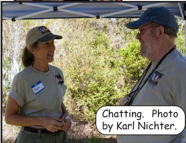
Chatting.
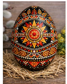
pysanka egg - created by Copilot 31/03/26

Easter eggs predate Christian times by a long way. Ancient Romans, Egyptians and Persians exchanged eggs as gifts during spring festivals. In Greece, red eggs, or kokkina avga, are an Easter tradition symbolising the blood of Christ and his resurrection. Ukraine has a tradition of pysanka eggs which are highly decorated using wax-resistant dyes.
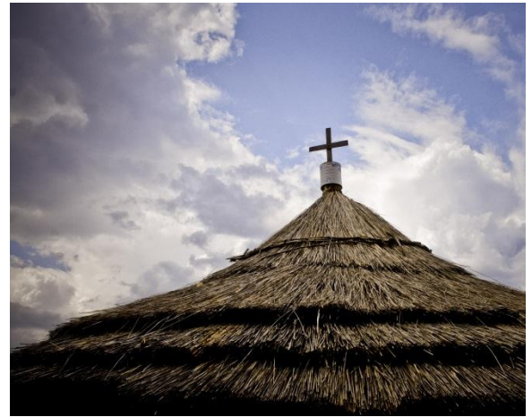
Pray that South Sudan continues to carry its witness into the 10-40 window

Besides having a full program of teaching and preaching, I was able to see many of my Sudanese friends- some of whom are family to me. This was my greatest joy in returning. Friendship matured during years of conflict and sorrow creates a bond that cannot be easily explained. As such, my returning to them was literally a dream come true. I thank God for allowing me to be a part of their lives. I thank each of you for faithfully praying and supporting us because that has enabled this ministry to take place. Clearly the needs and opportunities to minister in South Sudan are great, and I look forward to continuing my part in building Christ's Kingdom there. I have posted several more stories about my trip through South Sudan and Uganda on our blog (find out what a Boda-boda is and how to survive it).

________________________

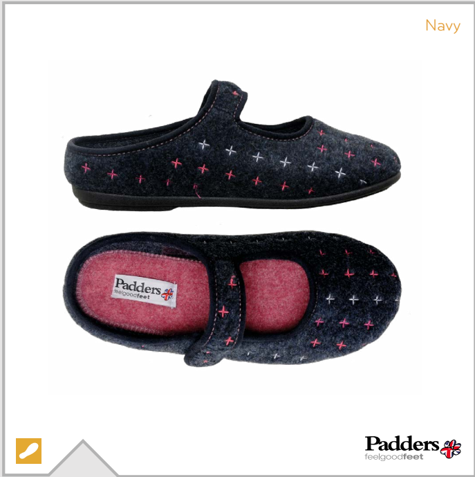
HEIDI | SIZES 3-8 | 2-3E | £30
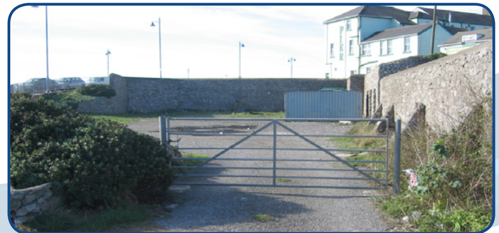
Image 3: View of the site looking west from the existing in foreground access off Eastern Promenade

________________________

WHAT TO PRODUCE —
Lines holding the word "during" in the records above: how many are there? Answer with the number only.

FINISHED EXERCISE —
2